While the decision appears to resolve the issue of whether trees can remain standing on the shores of a drinking water reservoir for 90,000 people, and is perhaps the last battle of the Reconveyance civil war, the complaint of foresters is essentially the flip-side of complaints about the county’s proposed ordinance to allow slaughterhouses throughout the Ag zone—the slow creep of uses that are not central to, and perhaps in conflict with, the original purpose of the land use protection.

“My complaint was that the county did not go through the process necessary to de-designate and rezone the land from CF to a use that allows park land,” Jack Petree explained. A forestry industry consultant, Petree was one of the petitioners to the failed GMHB challenge. “The county has no intention of a rezone now… it got away with it.”

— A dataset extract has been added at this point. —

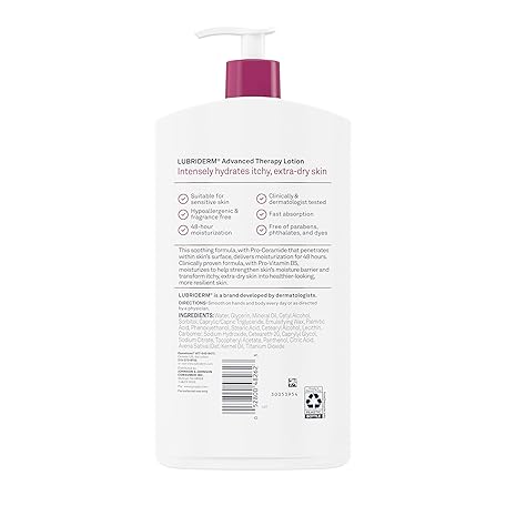 Thông tin sản phẩm Lubriderm Advanced Therapy Fragrance-Free Moisturizing Lotion with Vitamins E and Pro-Vitamin B5, Intense Hydration for Extra Dry Skin, Non-Greasy Formula, Pack of Three, 3 x 24 fl. oz

Through similar sleight-of-hand the county has created dozens of non-farm uses throughout its agricultural zone—everything from “family day care homes,” “adult family homes,” “mental health facilities that provide residential treatment,” and “substance abuse facilities” as permitted uses. Accessory uses include “bed and breakfast establishments” and “mini-day care homes.” The county proposes slaughterhouses as compatible with agriculture, but is silent on whether slaughterhouses are compatible with day care centers, which are also permitted in the Ag zone.

As we’ve noted before, the inability of loggers to get at those final stands around Lake Whatcom is hardly the most fatal ailment of the dying timber industry; likewise, permitting accessory slaughterhouses is likely not the most fatal ailment of a dying farm industry in Whatcom County. Both industries suffer the wounds of a thousand cuts.

What a shame the timber beasts weren’t arguing for resource protection and the merits of GMA at every step as thousands of forested acres were being stripped and converted to other uses. What a shame they’re fighting for 8,000 acres when 100 times that timber acreage was lost statewide between 1978 and 2001, mostly to suburban and rural development, according to DNR. What a shame they’re not standing up as similar conversions threaten to destroy the ag industry.

Ironically, the same county folks snarling about the Reconveyance are cheering for slaughterhouses, so embroiled in a “hippie-punching” culture war they’re unable to see that the issues are of similar currency.